GIVEN INFORMATION
+ + + + +

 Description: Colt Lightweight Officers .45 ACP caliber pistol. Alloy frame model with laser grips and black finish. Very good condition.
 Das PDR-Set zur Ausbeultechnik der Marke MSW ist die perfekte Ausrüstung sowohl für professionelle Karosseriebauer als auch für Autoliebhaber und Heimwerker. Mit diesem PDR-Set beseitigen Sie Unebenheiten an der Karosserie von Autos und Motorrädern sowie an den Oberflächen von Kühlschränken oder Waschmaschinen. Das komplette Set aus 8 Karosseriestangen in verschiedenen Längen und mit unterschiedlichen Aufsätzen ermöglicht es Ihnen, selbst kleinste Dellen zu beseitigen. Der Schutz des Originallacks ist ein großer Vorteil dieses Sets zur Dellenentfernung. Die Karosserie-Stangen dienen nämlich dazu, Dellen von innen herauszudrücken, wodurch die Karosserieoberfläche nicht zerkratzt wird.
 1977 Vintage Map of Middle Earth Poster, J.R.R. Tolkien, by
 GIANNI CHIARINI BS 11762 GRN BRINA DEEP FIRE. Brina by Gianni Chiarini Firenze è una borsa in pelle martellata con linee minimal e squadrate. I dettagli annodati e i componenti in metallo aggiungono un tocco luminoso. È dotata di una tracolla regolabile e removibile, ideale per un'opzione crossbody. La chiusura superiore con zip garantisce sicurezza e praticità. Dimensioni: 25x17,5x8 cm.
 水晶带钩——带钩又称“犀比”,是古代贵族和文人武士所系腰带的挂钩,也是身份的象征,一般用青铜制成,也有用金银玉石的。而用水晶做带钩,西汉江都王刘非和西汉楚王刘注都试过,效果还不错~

+ + + + +

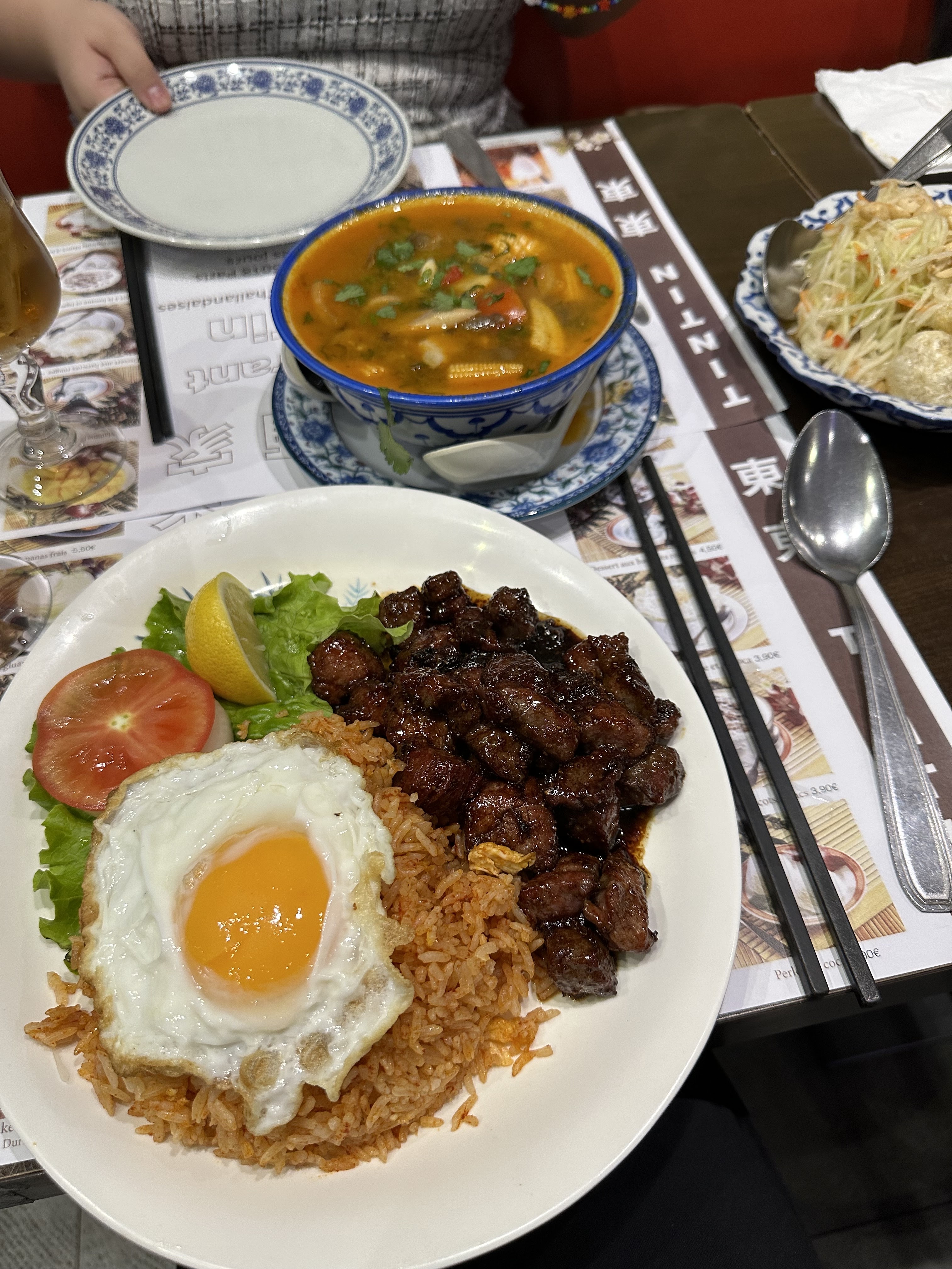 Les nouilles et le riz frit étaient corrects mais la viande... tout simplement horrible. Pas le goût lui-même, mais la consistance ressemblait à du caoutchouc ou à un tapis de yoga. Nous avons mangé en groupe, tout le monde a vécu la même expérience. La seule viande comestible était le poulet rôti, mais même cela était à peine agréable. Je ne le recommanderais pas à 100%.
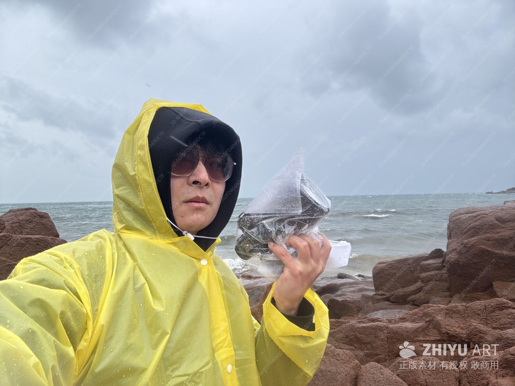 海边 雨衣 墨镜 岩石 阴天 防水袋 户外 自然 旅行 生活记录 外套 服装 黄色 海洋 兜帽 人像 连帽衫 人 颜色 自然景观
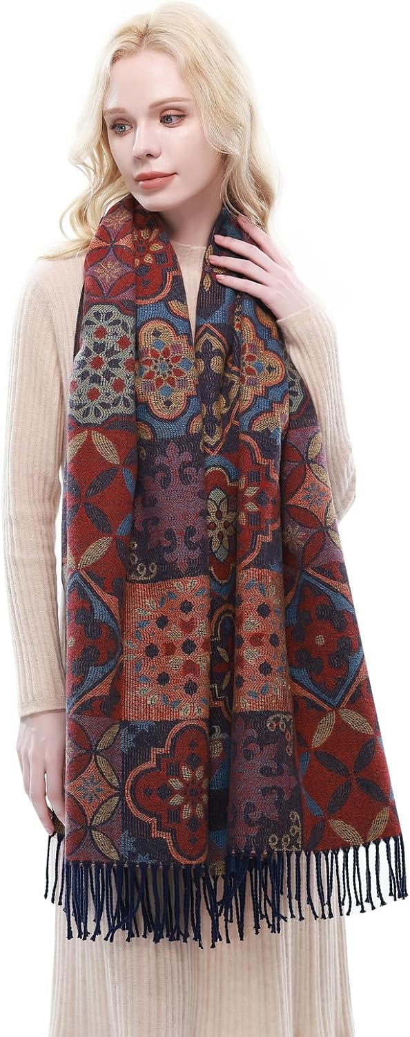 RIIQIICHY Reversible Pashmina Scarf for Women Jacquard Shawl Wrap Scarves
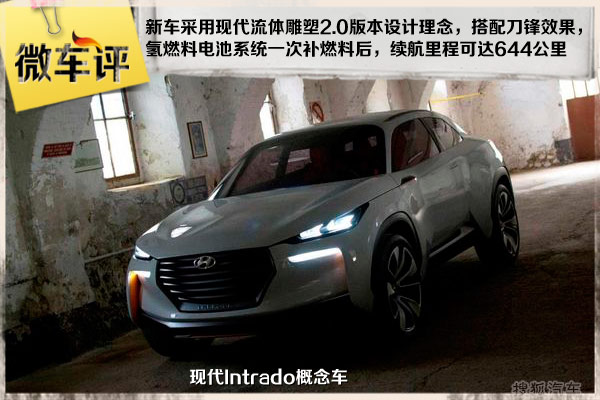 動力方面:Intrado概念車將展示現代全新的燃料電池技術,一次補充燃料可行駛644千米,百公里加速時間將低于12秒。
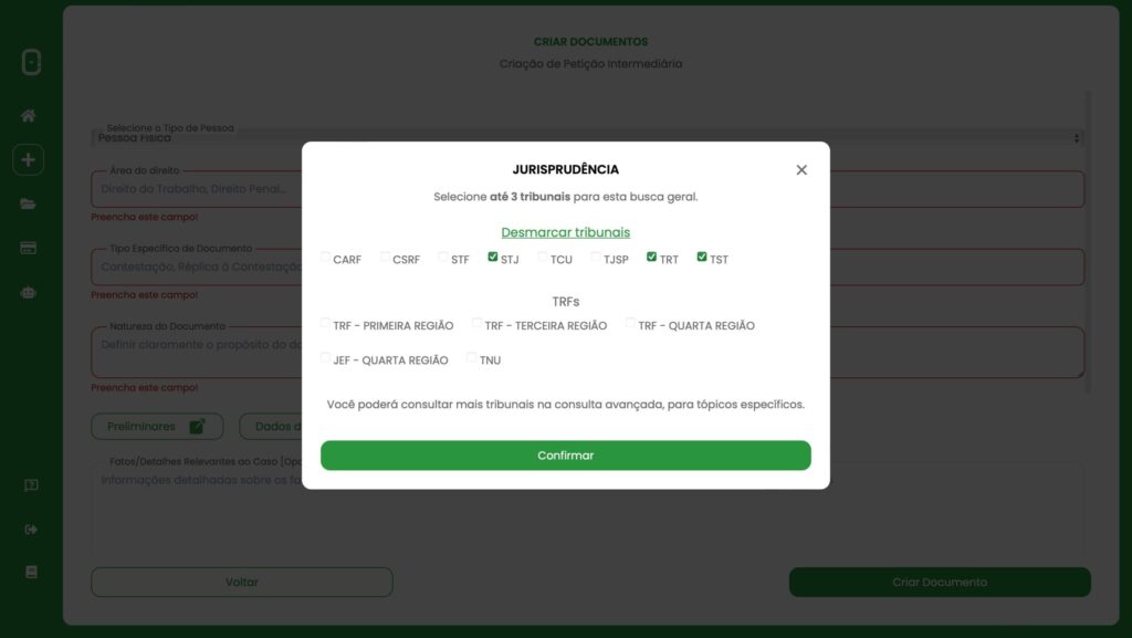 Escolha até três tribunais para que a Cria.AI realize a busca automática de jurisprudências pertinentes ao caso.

+ + + + +

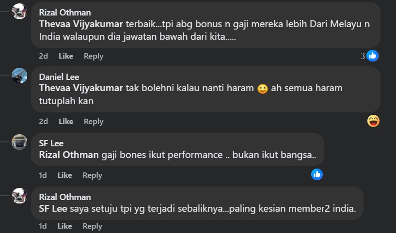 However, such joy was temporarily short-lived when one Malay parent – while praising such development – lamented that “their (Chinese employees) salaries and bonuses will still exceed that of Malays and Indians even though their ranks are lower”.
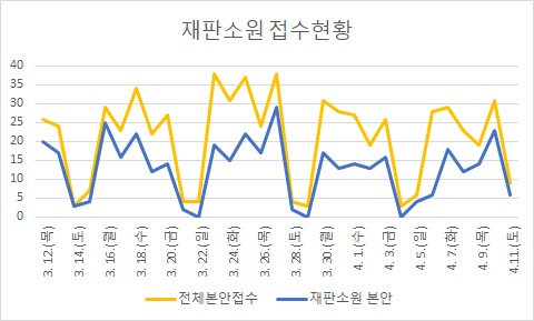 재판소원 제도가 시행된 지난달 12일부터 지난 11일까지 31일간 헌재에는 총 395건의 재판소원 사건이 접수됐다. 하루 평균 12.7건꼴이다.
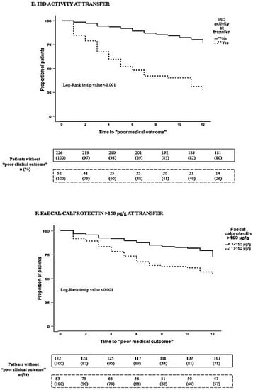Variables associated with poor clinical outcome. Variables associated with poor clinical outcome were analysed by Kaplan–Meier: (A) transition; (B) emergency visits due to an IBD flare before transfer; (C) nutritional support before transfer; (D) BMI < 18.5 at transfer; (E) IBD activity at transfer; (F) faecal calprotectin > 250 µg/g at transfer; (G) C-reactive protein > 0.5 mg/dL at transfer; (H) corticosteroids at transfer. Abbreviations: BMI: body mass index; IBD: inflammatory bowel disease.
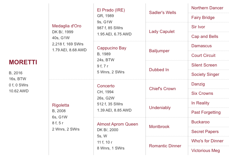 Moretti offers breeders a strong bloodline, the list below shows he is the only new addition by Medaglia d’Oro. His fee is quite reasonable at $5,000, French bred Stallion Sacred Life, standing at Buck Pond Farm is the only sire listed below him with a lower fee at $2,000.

+ + + + +

TASK BRIEF
Set down exactly the lines above, from the line containing "RIIQIICHY Reversible Pashmina" through the line containing "Escolha até três". Skip the pictures.

RESULT
 RIIQIICHY Reversible Pashmina Scarf for Women Jacquard Shawl Wrap Scarves
 動力方面:Intrado概念車將展示現代全新的燃料電池技術,一次補充燃料可行駛644千米,百公里加速時間將低于12秒。
 Escolha até três tribunais para que a Cria.AI realize a busca automática de jurisprudências pertinentes ao caso.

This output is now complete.